Dynamic Adhesion Characteristics of Spherical Sliders Colliding with Stationary Magnetic Disks with a Thin Lubricant Layer

摘要

The dynamic indentation characteristics of 1-and 2-mm-radius hemispherical glass sliders when colliding with stationary magnetic disks under various lubricant conditions were investigated to clarify the dynamic inter-facial forces between flying head sliders and magnetic disks. The collision times were ~15 and ~30 μs, respectively, and independent of the impact velocity. For a 1-mm-radius slider (Ra roughness = 1.71 nm), a clear adhesion force nearly equal to the static pull-off force was observed at the instant of separation when the lubricant thickness was from 1 nm without UV (0.69 nm mobile lubricant thickness) to 3 nm with UV (1.89 nm mobile lubricant thickness).
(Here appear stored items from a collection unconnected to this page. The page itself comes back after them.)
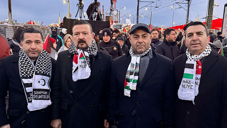 Taha Akgül de çok önemli bir eylemde bir arada olduklarını belirterek, "Tüm Türkiye, Filistin için bir araya geliyor. Spor camiası da burada. Biz de Türkiye Güreş Federasyonu olarak bu etkinliğe destek vermek istedik. Filistin halkını unutmamak gerekiyor. Sadece dünyanın sınavı değil bu, aynı zamanda ahiretin de sınavı. Müslümanlar olarak bizim bir borcumuz var. O görüntüleri izlediğimizde içimiz parçalanıyor. Şu anda orada sel felaketi de var. Elimizden hiçbir şey gelmiyorsa da en azından protesto etmemiz lazım." şeklinde konuştu.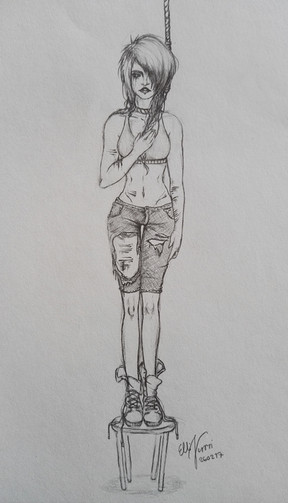 In this picture, food (or lack thereof) is the killer. there's a bunch of different things in the drawing to read into, but they're fairly obvious so i wont go into the detail. mwwaahaha more work for you.*disclaimer*:I have never gone through anorexia myself, but have an understanding of what the obsession is like. I apologize if you've found my drawing offensive.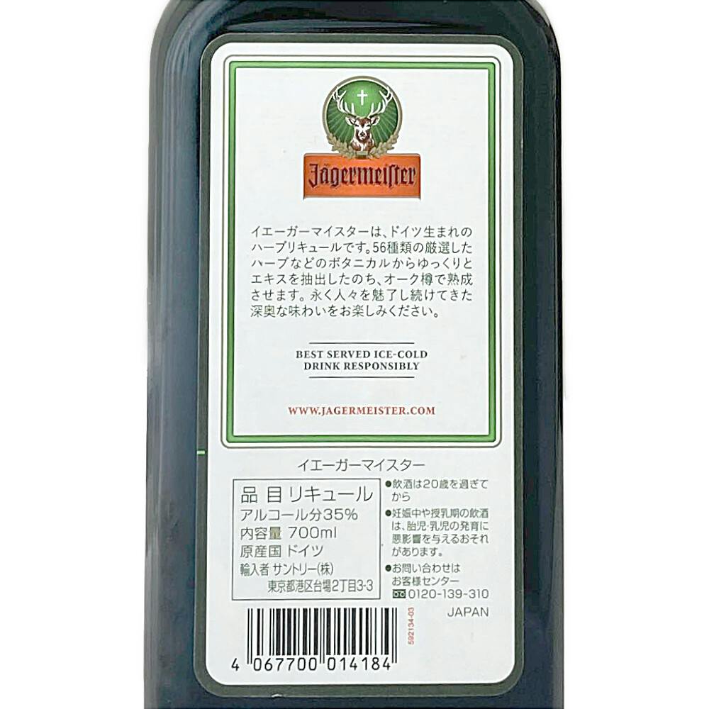 ●イエーガーマイスターは、ドイツ生まれのハーブリキュールです●56種類の厳選したハーブなどのボタニカルからゆっくりとエキスを抽出したのち、オーク樽で熟成させます●永く人々を魅了し続けてきた深奥な味わいをお楽しみください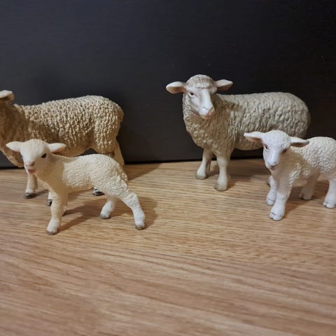 Schleich eläinhahmot, joissa on kaksi lammasta, yksi ruskea ja yksi musta. Pienikokoiset ja sopivat esimerkiksi leikkeihin tai kokoelmiin.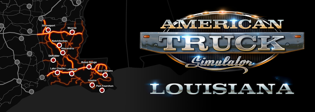 Ожидание наконец-то позади — мы рады приветствовать вас в штате Пеликанов! DLC Louisiana для American Truck Simulator выходит сегодня, и пора отправляться в путь туда, где вас ждут заводи, исторические города и влажный южный воздух. Дополнение Луизиана выходит сегодня в 21:00 МСК С момента анонса развитие дополнения было долгим и насыщенным процессом, и сегодня мы рады представить его вам, нашему #BestCommunityEver. Легендарные заливы, исторические города, уникальные индустрии и огромное количество новых грузов — всё это ждёт за рулём вашего грузовика. Чтобы вам легче было сориентироваться, взгляните на полную карту дополнения, показывающую все города, поселения и дороги. Мы также добавили множество новых уникальных объектов и точек интереса — обязательно прочитайте полный блог, чтобы не пропустить детали. Что ждёт вас в штате Пеликанов: Исследуйте 11 городов, включая Новый Орлеан, Батон-Руж и Шривпорт. Посетите знаковые места: Капитолий Батон-Ружа, Супердоум в Новом Орлеане, Готичес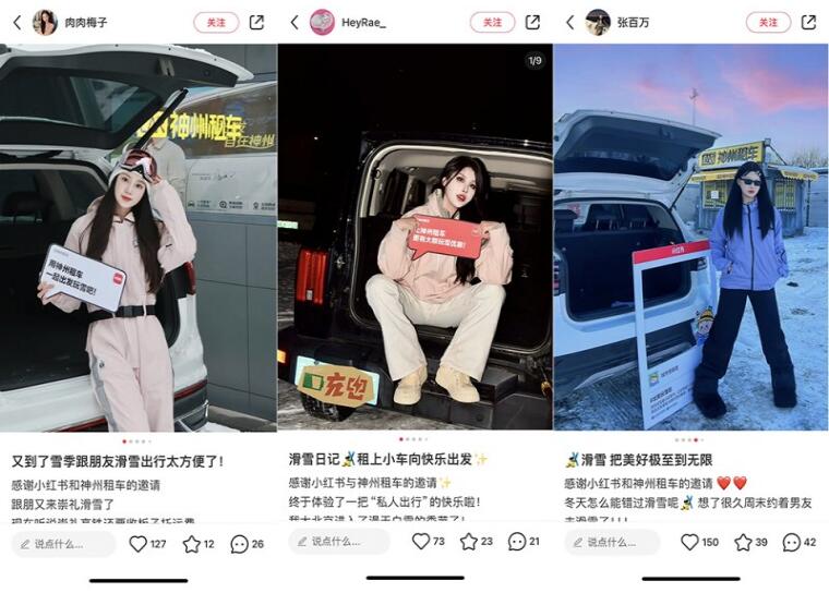 随着赵小棠的租车滑雪笔记率先打开声量,旅行、摄影、时尚穿搭等赛道的KOL也驾驶着从神州租车租赁的车辆,在这个冬天用自驾游的方式踏上了一场久违的租车滑雪之旅。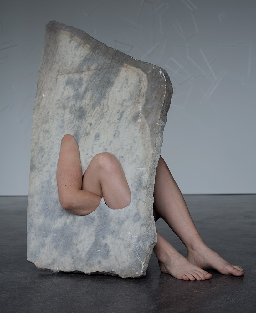 来自阿姆斯特丹的艺术家milena naef拍摄到了人体和大理石合二为一的迷人时刻,他在石板上小心地雕凿出孔洞,然后让人把肢体塞进洞里,从而实现人体和大理石的无缝对接。这两种元素—肉体和石头—相互之间形成了鲜明的对比,但却流畅地构成了一个统一体。通过连接人体和石块,人的手臂和腿似乎也变成了石块的一部分,主体与客体之间的界限也变得模糊了。

The dynamic adhesion force was maximum when the slider had separated from the disk surface by about 2 nm and dropped from the maximum to zero when the separation reached more than 5 nm. When the mobile lubricant thickness was 0.43 nm, a clear adhesion force was not observed. For a 2-mm-radius slider (Ra roughness = 0.34 nm), a clear adhesion force, similar to the static pull-off force, was observed at the instant of separation at almost all lubricant thicknesses and impact velocities tested except at a small mobile lubricant thickness of 0.43 nm with impact velocities greater than 1.1 mm/s. The dynamic adhesion force dropped from the maximum to zero when the distance traveled from the maximum reached more than 5 nm. These results suggest that the dynamic adhesion force of 1- and 2-mm-radius sliders originates from meniscus formation rather than van der Waals force.